The visuals turn medieval Scotland into a magical land, where bears roam, waterfalls gush over cliff sides and giant druid stones stand tall against the sky. PRESTO is a powerful animation engine, and Brave is a showcase for its visual power.
Beyond the visuals, the characters are quite appealing. They are traditional types: the tomboyish princess, the gruff lovable father, the overbearing mother, the rascal troublemaker brothers, but they are each given a life of their own.
Of all these types, Merida and her mother are obviously the most interesting. Their inability to communicate their opinions and feelings to each other is at the heart of the film, and speaks the truest to the reality of filial relationships. Merida herself is somewhat one-dimensional in her aims and the writers never give her the ability to articulate exactly what she desires beyond the abstract concept of freedom, but as this is a fairy tale, the limitations of the character are appropriate. She ends up being an admirable, impressive, and, yes, brave character, and, as a Disney princess, she is far preferable to Ariel or Sleeping Beauty.
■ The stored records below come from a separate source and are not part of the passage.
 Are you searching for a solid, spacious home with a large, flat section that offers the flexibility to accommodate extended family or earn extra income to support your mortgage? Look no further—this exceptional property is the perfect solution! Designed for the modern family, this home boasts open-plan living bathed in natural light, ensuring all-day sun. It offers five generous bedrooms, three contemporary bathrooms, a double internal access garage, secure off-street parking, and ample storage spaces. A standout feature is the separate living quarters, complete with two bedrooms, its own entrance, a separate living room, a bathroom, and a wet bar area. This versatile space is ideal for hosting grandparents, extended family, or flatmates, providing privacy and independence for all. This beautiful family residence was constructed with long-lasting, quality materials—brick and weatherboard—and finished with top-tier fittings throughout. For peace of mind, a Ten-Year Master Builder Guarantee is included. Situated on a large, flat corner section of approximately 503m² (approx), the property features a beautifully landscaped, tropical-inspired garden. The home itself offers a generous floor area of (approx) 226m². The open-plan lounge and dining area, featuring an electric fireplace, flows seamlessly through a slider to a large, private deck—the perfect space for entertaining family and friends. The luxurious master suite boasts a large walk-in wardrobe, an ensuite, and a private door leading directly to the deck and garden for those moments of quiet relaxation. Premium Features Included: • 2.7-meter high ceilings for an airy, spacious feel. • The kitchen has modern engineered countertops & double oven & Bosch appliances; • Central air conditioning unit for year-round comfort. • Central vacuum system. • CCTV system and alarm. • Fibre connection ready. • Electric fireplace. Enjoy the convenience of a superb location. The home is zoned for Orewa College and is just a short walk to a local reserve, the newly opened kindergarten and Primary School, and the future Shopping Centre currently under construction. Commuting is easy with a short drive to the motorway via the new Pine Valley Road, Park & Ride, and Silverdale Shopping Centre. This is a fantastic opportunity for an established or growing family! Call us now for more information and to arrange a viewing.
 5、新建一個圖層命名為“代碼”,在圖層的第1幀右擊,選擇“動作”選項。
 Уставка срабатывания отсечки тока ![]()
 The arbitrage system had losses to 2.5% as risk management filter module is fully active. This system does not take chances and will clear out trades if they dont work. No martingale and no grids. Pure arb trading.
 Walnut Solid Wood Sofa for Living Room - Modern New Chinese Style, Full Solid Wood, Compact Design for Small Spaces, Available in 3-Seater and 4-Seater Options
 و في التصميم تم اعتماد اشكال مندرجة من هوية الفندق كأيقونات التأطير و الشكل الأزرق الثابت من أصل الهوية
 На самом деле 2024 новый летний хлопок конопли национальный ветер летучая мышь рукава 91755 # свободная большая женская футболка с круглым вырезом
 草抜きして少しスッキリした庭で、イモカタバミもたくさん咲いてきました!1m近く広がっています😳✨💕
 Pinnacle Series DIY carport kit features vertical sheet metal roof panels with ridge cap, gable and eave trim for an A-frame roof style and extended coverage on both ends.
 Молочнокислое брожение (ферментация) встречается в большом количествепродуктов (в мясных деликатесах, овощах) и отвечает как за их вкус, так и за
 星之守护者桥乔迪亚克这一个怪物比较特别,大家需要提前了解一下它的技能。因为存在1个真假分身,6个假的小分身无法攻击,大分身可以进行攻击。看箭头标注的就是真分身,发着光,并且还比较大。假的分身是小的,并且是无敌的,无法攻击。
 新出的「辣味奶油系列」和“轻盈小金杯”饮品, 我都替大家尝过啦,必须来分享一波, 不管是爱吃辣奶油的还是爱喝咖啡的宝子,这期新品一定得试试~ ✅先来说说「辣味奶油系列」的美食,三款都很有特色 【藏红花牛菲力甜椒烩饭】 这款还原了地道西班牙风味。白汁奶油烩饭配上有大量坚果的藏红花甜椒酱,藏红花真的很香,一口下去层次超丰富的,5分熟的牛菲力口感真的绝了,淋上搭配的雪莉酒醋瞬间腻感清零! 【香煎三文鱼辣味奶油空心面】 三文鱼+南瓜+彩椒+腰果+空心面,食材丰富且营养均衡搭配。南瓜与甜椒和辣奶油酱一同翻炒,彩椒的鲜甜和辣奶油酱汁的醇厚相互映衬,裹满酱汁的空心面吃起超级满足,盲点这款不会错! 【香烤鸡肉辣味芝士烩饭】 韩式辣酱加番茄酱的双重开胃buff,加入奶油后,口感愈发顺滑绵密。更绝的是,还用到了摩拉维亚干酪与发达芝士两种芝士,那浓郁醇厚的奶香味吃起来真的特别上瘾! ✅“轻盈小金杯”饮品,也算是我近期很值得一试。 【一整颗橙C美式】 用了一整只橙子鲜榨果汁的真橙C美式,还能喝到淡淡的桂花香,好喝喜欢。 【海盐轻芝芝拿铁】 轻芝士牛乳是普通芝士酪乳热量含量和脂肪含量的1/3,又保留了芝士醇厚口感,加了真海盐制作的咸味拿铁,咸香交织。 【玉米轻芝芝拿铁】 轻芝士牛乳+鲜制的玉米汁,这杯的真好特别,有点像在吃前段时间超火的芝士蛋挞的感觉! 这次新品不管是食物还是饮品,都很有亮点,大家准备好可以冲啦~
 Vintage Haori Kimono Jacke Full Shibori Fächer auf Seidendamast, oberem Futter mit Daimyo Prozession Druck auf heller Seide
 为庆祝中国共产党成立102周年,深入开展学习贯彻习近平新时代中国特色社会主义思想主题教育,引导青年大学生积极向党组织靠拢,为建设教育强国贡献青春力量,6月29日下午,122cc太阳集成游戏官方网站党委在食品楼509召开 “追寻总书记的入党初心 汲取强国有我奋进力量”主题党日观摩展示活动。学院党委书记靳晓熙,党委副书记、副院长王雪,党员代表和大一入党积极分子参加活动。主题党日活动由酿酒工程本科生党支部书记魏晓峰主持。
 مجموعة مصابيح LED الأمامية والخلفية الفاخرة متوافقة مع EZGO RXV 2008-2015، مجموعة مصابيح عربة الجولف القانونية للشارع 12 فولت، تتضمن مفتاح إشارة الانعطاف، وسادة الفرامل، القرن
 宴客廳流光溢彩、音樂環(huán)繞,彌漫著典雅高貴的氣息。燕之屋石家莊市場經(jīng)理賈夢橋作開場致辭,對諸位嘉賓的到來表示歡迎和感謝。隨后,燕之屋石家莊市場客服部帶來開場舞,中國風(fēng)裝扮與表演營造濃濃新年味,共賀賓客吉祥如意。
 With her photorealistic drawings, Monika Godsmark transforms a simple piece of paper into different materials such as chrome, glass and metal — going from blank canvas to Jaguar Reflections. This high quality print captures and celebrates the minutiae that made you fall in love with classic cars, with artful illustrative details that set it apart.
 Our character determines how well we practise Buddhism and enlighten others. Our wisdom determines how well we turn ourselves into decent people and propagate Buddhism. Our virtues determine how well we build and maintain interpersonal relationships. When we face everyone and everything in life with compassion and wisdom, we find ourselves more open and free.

One of the things I found most surprising about Brave was how much humour it has in it. There are enough laughs here that the film could qualify as a comedy. While the omnipresence of humour amid the serious is nothing new in Pixar, the comedy in Brave can seem almost disjointing at first, as if it doesn’t belong in its medieval setting, a typically dour world. However, as the film progresses, the characters are developed and the jokes continue to hit, the humour becomes one of the film’s essential aspects. Merida’s three pint-sized troublemaker brothers are particularly entertaining.
Brave had a troubled production. Prince of Egypt filmmaker Brenda Chapman conceived of the story and she worked as director during the early stages of production. However, along the way she disagreed with Pixar on the film’s creative direction, and Mark Andrews, a co-screenwriter of this year’s John Carter, was brought in to direct the project to completion.
Whatever faults Brave suffers from, be it its simplicity, its lack of scope and its limited characters, it’s hard to imagine these were the result of the film’s production hiccups. However, I’m curious what the film would have looked like had Chapman been allowed to direct the film through to the end.
Whatever that film would have been, the Brave that is currently in theatres is another impressive production by Pixar. If it isn’t as deep or as thematically satisfying as some of Pixar’s past productions, it is still a worthy film with lush visuals and a surprisingly emotional conclusion.
Directed by Mark Andrews and Brenda Chapman; written by Mark Andrews, Steve Purcell, Brenda Chapman and Irene Mecchi based on a story by Brenda Chapman; starring the voice talents of Kelly Macdonald, Billy Connolly, Emma Thompson, Julie Walters, Robbie Coltrane, Kevin McKidd and Craig Ferguson.